To override per-consumer, change the model key or remove it to restore Anthropic
passthrough:
{ "modelRouter": { "defaultBuiltInModel": "sonnet" }}The interceptor treats the built-in agent as if its frontmatter were
model: <defaultBuiltInModel>, so it resolves through modelMapping or
capability-based selection like any other agent. Removing the key restores the
legacy behavior where built-in agents passthrough to Anthropic native.
failover.pipe — what runs after the primary fails
Section titled “failover.pipe — what runs after the primary fails”The primary (selected by modelMapping above) is the head of an ordered failover pipe. When the primary returns a provider-failure signal (HTTP 429, 5xx, ECONNREFUSED, timeout, rate limit text), the bash delegate advances to the next hop without escalating to Anthropic. Anthropic is only used as the terminal when all configured hops fail.

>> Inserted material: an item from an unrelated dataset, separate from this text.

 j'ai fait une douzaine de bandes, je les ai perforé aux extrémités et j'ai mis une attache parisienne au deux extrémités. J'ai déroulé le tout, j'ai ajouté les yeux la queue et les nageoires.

{ "modelRouter": { "failover": { "enabled": true, "perHopTimeoutSec": 120, "pipe": [ { "provider": "kimi", "model": "kimi-k2.6" }, { "provider": "opencode-go", "model": "glm-5.1" } ], "fallbackToAnthropic": true } }}perHopTimeoutSec(default120) — per-attempt budget. Tuned for kimi at 138K input tokens (~67s observed). The interceptor’s outerspawnSyncbudget is automatically sized topipe.length × perHopTimeoutSec + 30s.pipe(ordered) — hops to try after the interceptor-selected primary. The CLI primary always runs as hop 0; matching entries in the pipe are skipped to avoid a wasted retry. Whenpipeis absent, the legacy circularfailover.chainmap is consulted for backward compat.fallbackToAnthropic: true— after the whole pipe fails, bash exits 42 and the interceptor passes the original Task through to Anthropic native.

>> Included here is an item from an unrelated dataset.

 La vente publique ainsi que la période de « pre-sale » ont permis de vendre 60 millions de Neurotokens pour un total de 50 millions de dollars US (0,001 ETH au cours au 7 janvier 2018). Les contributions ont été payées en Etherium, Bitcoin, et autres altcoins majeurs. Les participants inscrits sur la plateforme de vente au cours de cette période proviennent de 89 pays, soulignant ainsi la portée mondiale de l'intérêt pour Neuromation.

A non-provider failure (real model error, not infrastructure) stops the pipe — we propagate the error rather than mask it by burning another 120s on the next hop.
Delegation Output
Section titled “Delegation Output”The Task interceptor returns the cheap model’s text output via systemMessage. The parent session sees it as the Task’s result.
If mr-delegate.sh exits non-zero (timeout, provider down), the interceptor surfaces what it has + the exit code. Don’t let the Task fall through to Anthropic on error — that would burn Opus tokens AND the cheap call’s tokens. If the delegation failed, decide whether to retry or inline.